- Born: Michael Alfred Spender 11 November 1906 Kensington, London, England
- Died: 5 May 1945 (aged 38) near Süchteln, Nazi Germany
- Cause of death: Killed in action
- Known for: Explorer and surveyor

= Michael Spender =

English explorer

Michael Alfred Spender (11 November 1906 – 5 May 1945) was an English explorer, surveyor, a leader in photo interpretation in the Second World War, and an RAF squadron leader.

== Personal life ==
He was the eldest son of Harold Spender and Violet, and a brother of the poet Stephen Spender and the artist Humphrey Spender.

He graduated from Balliol College, Oxford University, with a double first in Engineering, and then worked as a surveyor on the Great Barrier Reef from 1928 to 1929 and in East Greenland in 1932 and 1933. In 1935 he joined an expedition to the Himalayas and mapped 26 peaks over 26,000 feet.

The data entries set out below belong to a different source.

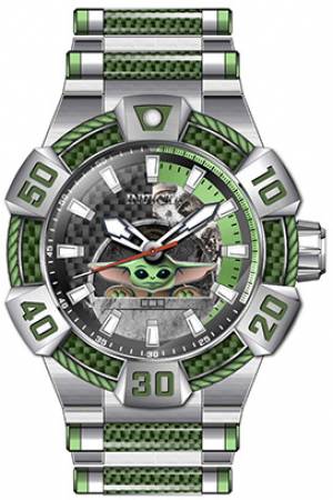 Band For Invicta Star Wars 40607, Band Material Glass Fiber, Stainless Steel, Band Color Green, Steel, Band Width 32 mm, Band Length 190 mm, Buckle Type Fold over safety, Clasp Type
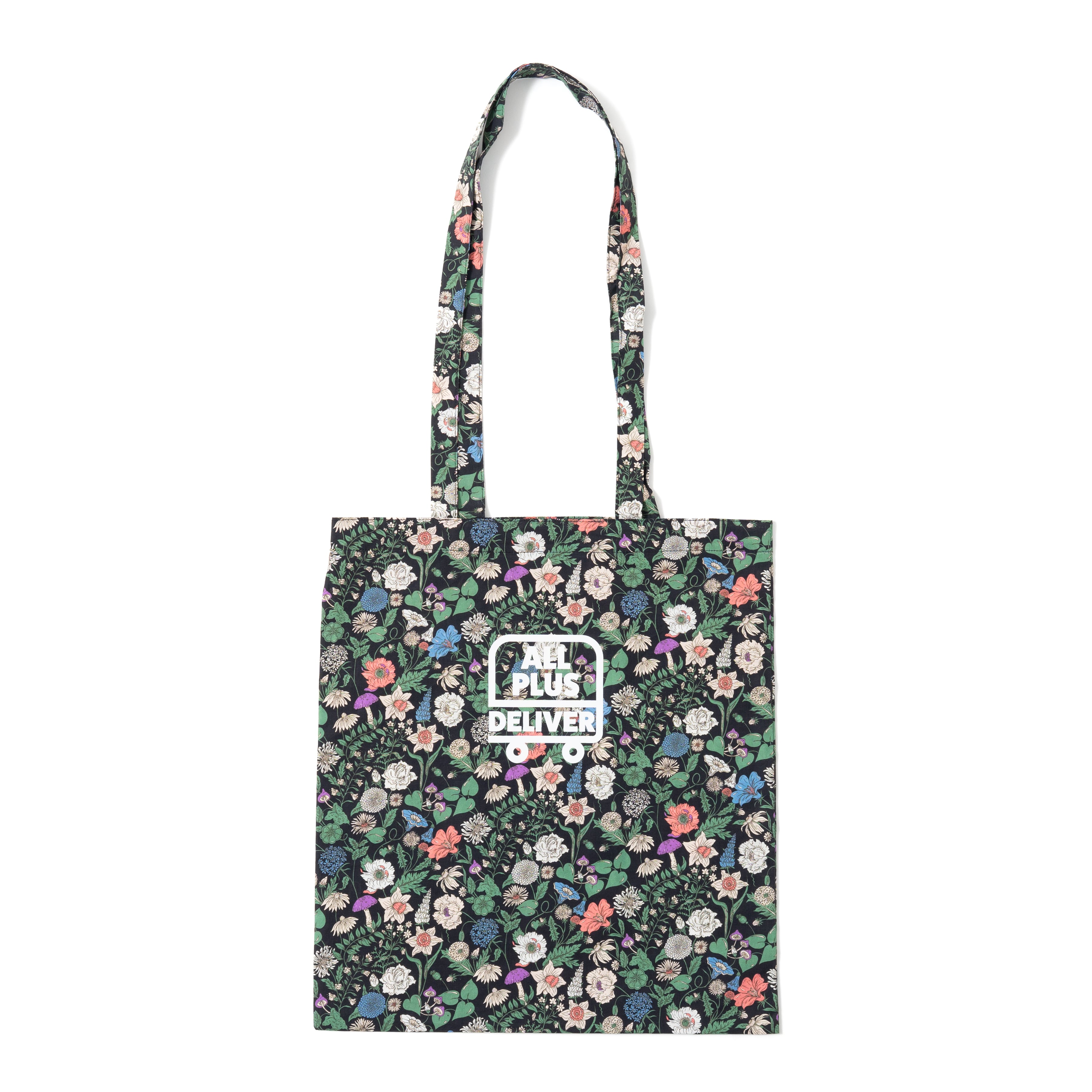 全面に花柄が施されたトートバック。両面にブランドロゴをプリントで落とし込みました。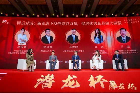 圆桌论坛环节,华软新动力董事长徐以升、京华世家董事长聂俊峰、中国外贸信托标品投资部总经理孔彦和中信建投证券董事总经理、衍生品交易部另类投资负责人王刚分别从不同资方视角分享了他们对私募证券基金行业未来发展的观点与看法。

In 1933 he married his first wife Erika Haarmann, and their son John-Christopher was born in 1936. In the late 1930s the artist Nancy Sharp (the first wife of William Coldstream and the lover of Louis MacNeice), fell in love with Spender. Michael and Nancy divorced their respective spouses, and they were married in 1943. Their son Philip was born the same year.

Spender was regarded as arrogant and tactless, and he had a difficult relationship with his brother Stephen.

== Death ==
On 3 May 1945 Michael was a passenger in an Avro Anson aircraft, and he was seriously injured when it crashed near Süchteln in Germany; he died on 5 May. Stephen was deeply affected, and he wrote the elegy Seascape for his brother.

He was buried at Eindhoven General Cemetery at Woensel in the Netherlands.